Reldon sniffed and wiped his beard of tears. They weren’t in danger of freezing in the igloo, their body heat kept the shelter warm, but it was an old habit. “I remember,” he said as Fortol finished the story, “when I went out as a child. I saw the Mother Bear chasing her cub in the sky. That’s when I realized what a fool I had been to run out on my own mother.
I couldn’t see the village through the snow storm. Instead, I just stood there in a panic, not knowing what to do. Something Inside of me made me decide I had to get home, so I just started walking. I tried to keep my back to the wind, but it seemed to shift which way it was blowing.
Pretty soon I could see the lights that hung on the Meeting House. I started to run toward them, and when I got to the center of the village, I was able to go from memory. I got back to my parents’ house just before I lost my fingers.”
Reldon had told this story before, but Fortol never disliked hearing it again. The two had grown up in the same village, and Fortol’s parents had spent the erst of the winter after they’d heard what happened reminding Fortol not to do anything that reckless ever.
“What would a bear be afraid of that she would send her cub back to the den?” Vultato asked.
“You can’t think of anything that might be beastly enough to cause fear in even a bear?” Fortol asked. “Nothing with a hunger so ravenous it might fight a mother bear to get at her and her cub? Not a single creature whose desire for flesh drives it mad with gluttony?”

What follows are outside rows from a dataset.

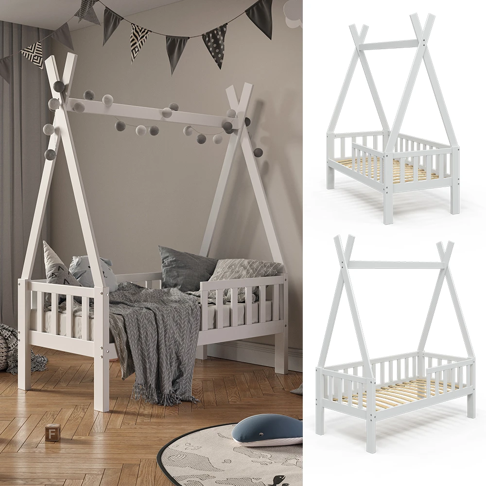 Das Tipi-Bett ist das perfekte Möbelstück für das Kinderzimmer! Mit seinem funktionellen und stilvollen Design dient es nicht nur als Bett, sondern auch als spannendes Spielbett und gemütlicher Rückzugsort. Die robusten Holzlatten sorgen für einen stabilen und sicheren Schlafplatz für Ihr Kind. Das Tipi-Bett lässt sich einfach mit anderen Möbelstücken kombinieren und verleiht jedem Kinderzimmer eine besondere Note. Lassen Sie sich von der Magie eines Tipis faszinieren und schenken Sie Ihrem Kind ein unvergessliches Schlaferlebnis!
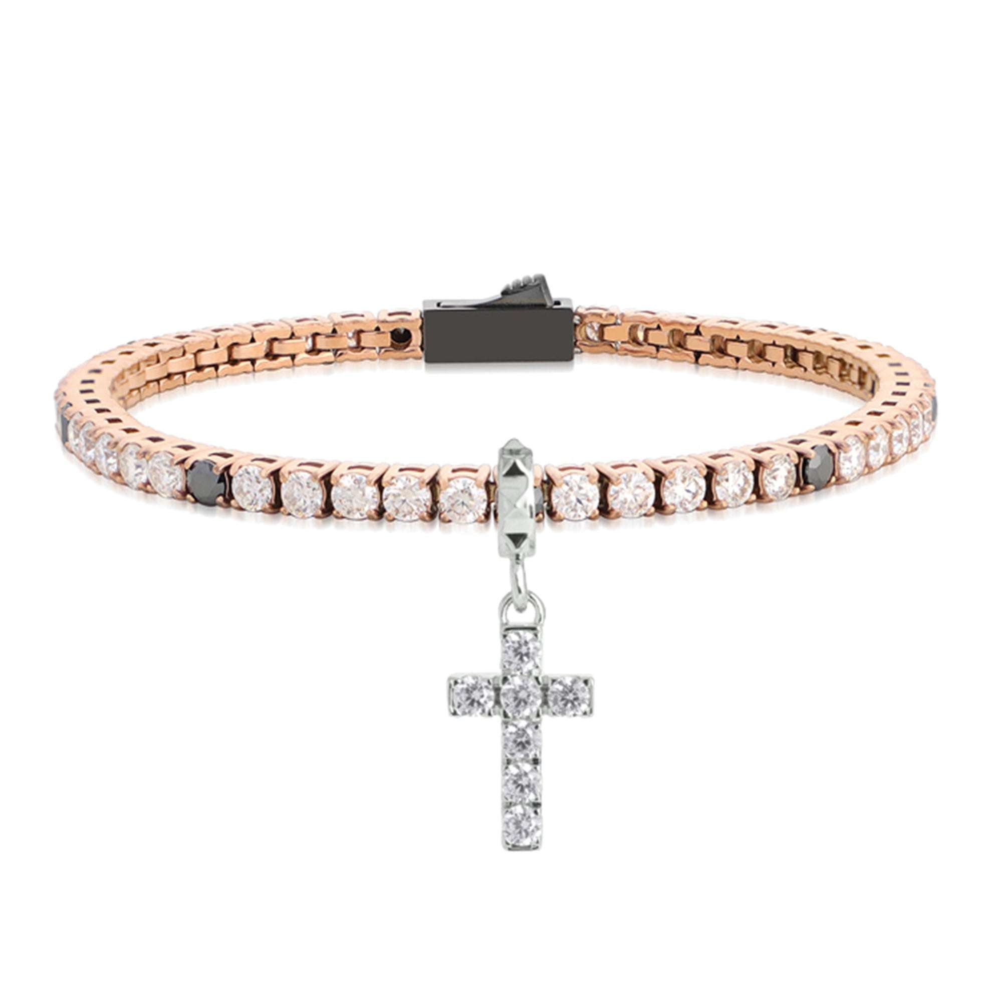 Tennis in lega di titanio rosè IP e diamanti lab ahite e black ct. 5.40 - L 20cm
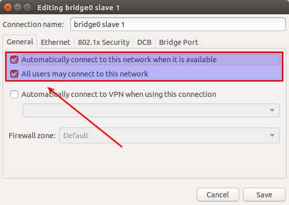 Question: 我需要在我的Ubuntu主机上建立一个Linux网桥,共享一个网卡给其他一些虚拟主机或在主机上创建的容器。我目前正在Ubuntu上使用网络管理器(Network Manager),所以最好>能使用网络管理器来配置一个网桥。我该怎么做?
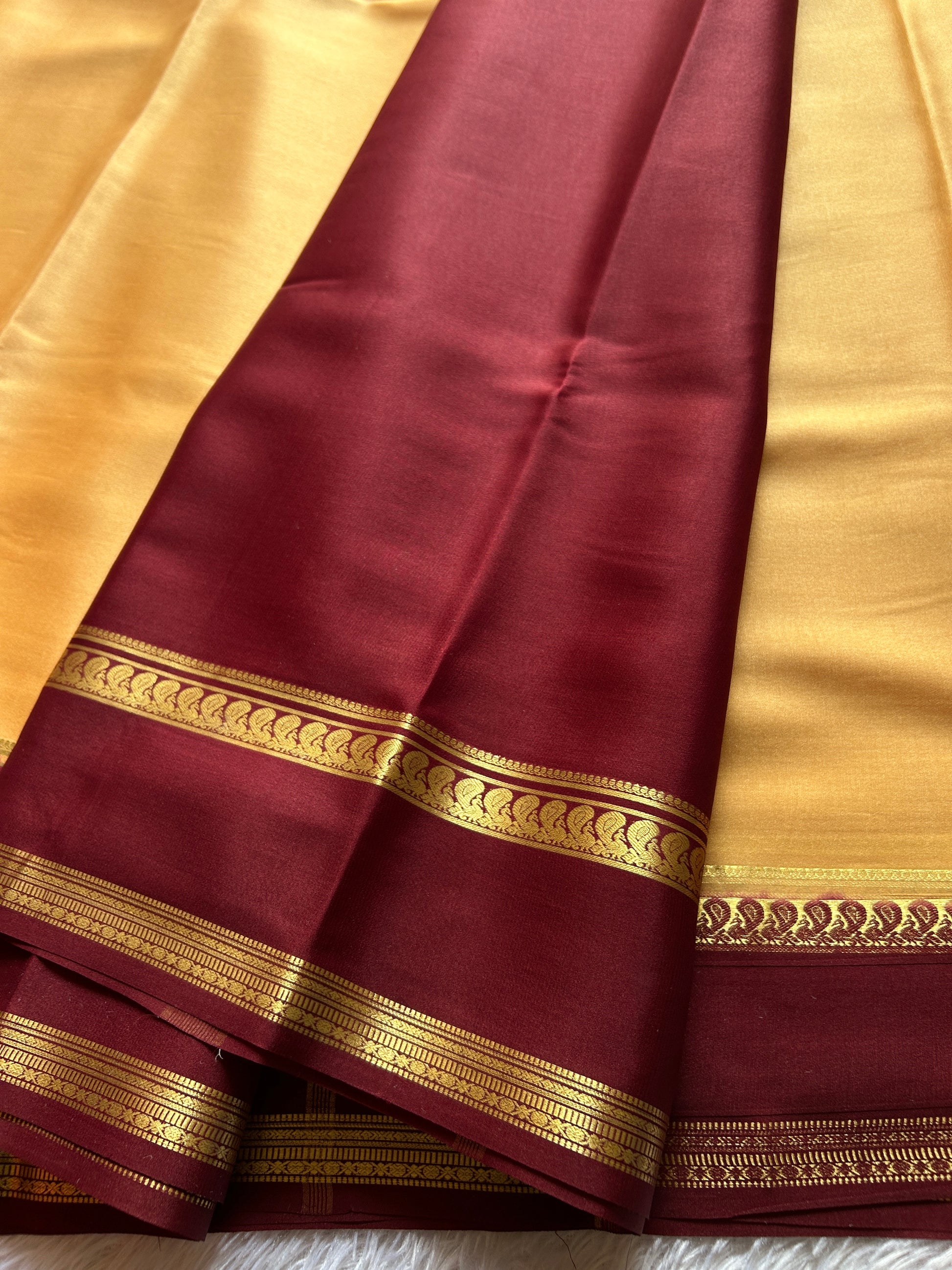 Elevate your ethnic wardrobe with this exquisite Mysore crepe silk saree, a masterpiece of refined craftsmanship. The soft beige base offers timeless elegance, while the chocolate brown gap border commands attention with intricate zari embroidery that catches light beautifully. Crafted from pure Mysore silk, this lightweight saree drapes effortlessly, making it ideal for both festive occasions and refined everyday wear. The sophisticated color palette and detailed border work showcase traditional artistry, ensuring you stand out with understated luxury. Perfect for those who appreciate quality fabrics and meticulous design.
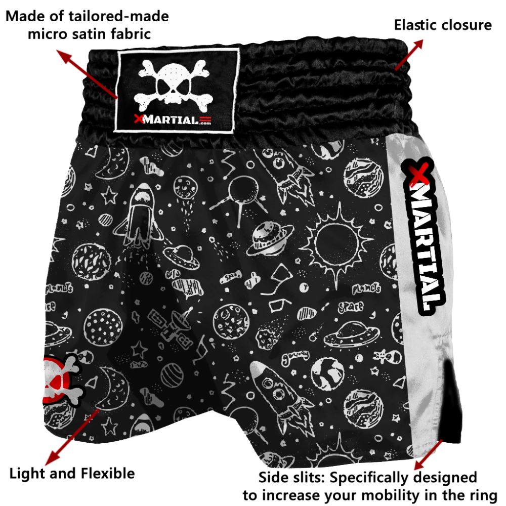 Our Muay Thai shorts are a collection of cosmic proportions we are very proud of! Try out the latest in our designs, the Cosmic Muay Thai Shorts! With a traditional elastic waistband, these Muay Thai shorts will stay well-positioned no matter how rigorous the training is. There are also convenient side slits which mean that these Muay Thai shorts will allow you maximum movement. You can also use this for boxing, kickboxing, and everyday fitness workout.
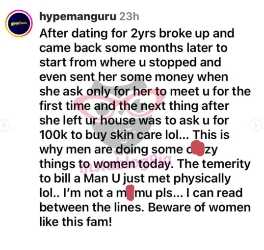 “After dating for 2yrs broke up and came back some months later to start from where u stopped and even sent her some money when she ask only for her to meet u for the first time and the next thing after she left ur house was to ask u for 100k to buy skin care 101… This is why men are doing some zy things to women today. The temerity to bill a Man U just met physically 101.. I’m not a mumu pls… I can read between the lines. Beware of women like this fam!”
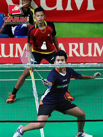 Komandani Maytri/Anggie (Jaya Raya Suryanaga/Ragunan) mengembalikan kok ke arah pasangan Andika Ramadiansyah/Thalia Clara (PB Djarum).
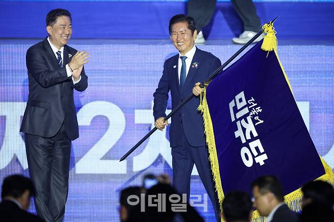 [이데일리 방인권 기자] 정청래 더불어민주당 신임 당대표가 2일 경기 고양시 킨텍스에서 열린 제2차 임시전국당원대회에서 김병기 원내대표로 부터 당기를 이양받고 있다.

The other two went silent at the suggestion. Irotan were not creatures that one spoke of directly. They were terrifying beasts that ate anything they could get their bloody claws on, even their own kind. Some clans believed that irotan were once dwarves that resorted to cannibalism during the long winter. According to the elders in Fortol’s clan, they were evil creatures that could take the shape of a dwarf, but were something else entirely.
Regardless of their origin, there wasn’t a Frotunkin that didn’t grow up with warnings about not going out during the dead of winter. Especially not when you heard the howling of a hungry wind. No one, not even Reldon, would be such a fool that they would chase that howl.